More than one in 10 adopted U.S. children born overseas

Friday, August 22, 2003

WASHINGTON -- More than one in 10 of the nation's adopted children was born overseas and the largest number come from Korea, the Census Bureau found in its first report on adoptions.

Experts say many American parents look abroad because the process of adopting foreign children usually is faster to complete. Also, the stigma once attached to parents who adopted a child of a different race or ethnicity has diminished.

Nearly 13 percent, or 200,000, of the country's 1.6 million adopted children, were born outside the United States. By comparison, 4 percent of the 59.8 million children living with a biological parent, or roughly 2.3 million, were foreign-born, according to data from the 2000 census being released today. There also are 3.3 million stepchildren.

Some people look overseas to avoid the legal wrangling that may arise if an adopted child's birth parents fight to reclaim custody, said Patricia A. Hill, executive director of ACTION Inc., an adoption agency in Dayton, Ohio, and mother of 20 adopted children.

"If they go international, they won't have that legal uncertainty," Hill said.

Administrative delays and roadblocks in the U.S. foster care system also can make a prospective parent search overseas, said Thomas Atwood, president of the National Council for Adoption in Alexandria, Va.

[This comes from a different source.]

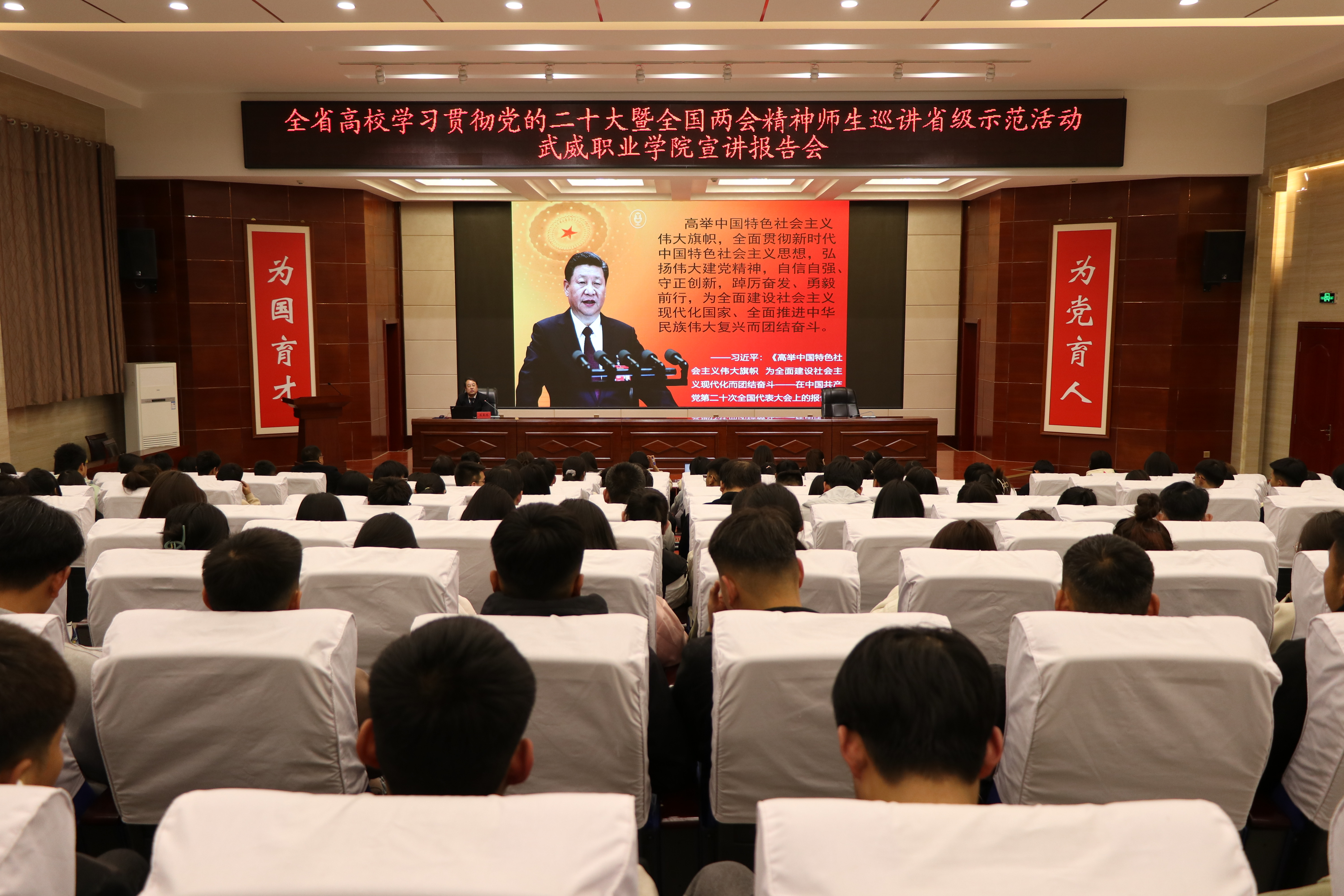 4月23日下午,省委教育工委“逐夢新征程 奮斗創(chuàng)未來”全省高校學(xué)習(xí)貫徹黨的二十大暨全國兩會(huì)精神師生巡講省級(jí)示范活動(dòng),第五巡講團(tuán)來我校開展宣講。第五巡講團(tuán)組長、蘭州交通大學(xué)馬克思主義學(xué)院蘇星鴻教授,作了專題報(bào)告。學(xué)校宣傳統(tǒng)戰(zhàn)部全體成員、馬克思主義學(xué)院全體教師、各二級(jí)學(xué)院學(xué)生代表共計(jì)200余人聆聽了巡講報(bào)告。

Adopting from a foreign country through a well-organized program generally takes a year, Census Bureau analyst Rose Kreider wrote in the 24-page report. Adopting through the foster care system can take several years.

There are indications the domestic adoption process has improved since a 1997 federal law gave states more financial incentive to find quality homes faster for foster children, Atwood said.

The vast majority of adoptions still involve native-born children. But the number of immigrant visas issued by the State Department to orphans coming into the United States for adoption increased dramatically from 1990 to 2000 -- from 7,000 to nearly 18,000.

More than one-fifth of all foreign-born child adopted came from Korea, 47,555, followed by China (21,053), Russia (19,631), Mexico (18,021) and India (7,793).

Adopted children live in homes with higher median incomes than children living with a biological parent ($56,000 versus $48,000) and are more likely to live in homes that are owned (78 percent versus 67 percent). Only 12 percent of adopted children live in poverty compared with 16 percent of the other kids.

Experts say adopted parents generally must show they can adequately provide for a child. Private agencies charge on average $10,000 for adoptions, though the cost can be as high as $40,000, Hill said.

Among other findings in the report:

  • Some 10 percent of adopted children have a mental disability, compared with 4 percent of the other kids.

  • The average age of the parent of an adopted child is 43 compared with 38 for the biological parent of a child. Adopted parents who have trouble conceiving a child naturally often wait until later in life before turning to adoption.

  • Girls were adopted more often than boys -- 835,000 to 750,000. The report said among the reasons are more single women adopt girls than boys.

    The findings are from answers to a question that asked, "How is this person related to the head of household?" Besides "adopted son/daughter," other answers included "husband/wife," "natural-born son/daughter" and "stepson/stepdaughter." The 1990 census did not separate "natural-born" and "adopted."

    The new report examines only children living with an adoptive, biological or stepparent.

    The Health and Human Services Department asked the bureau to add "adopted" as an option to keep better statistics of families.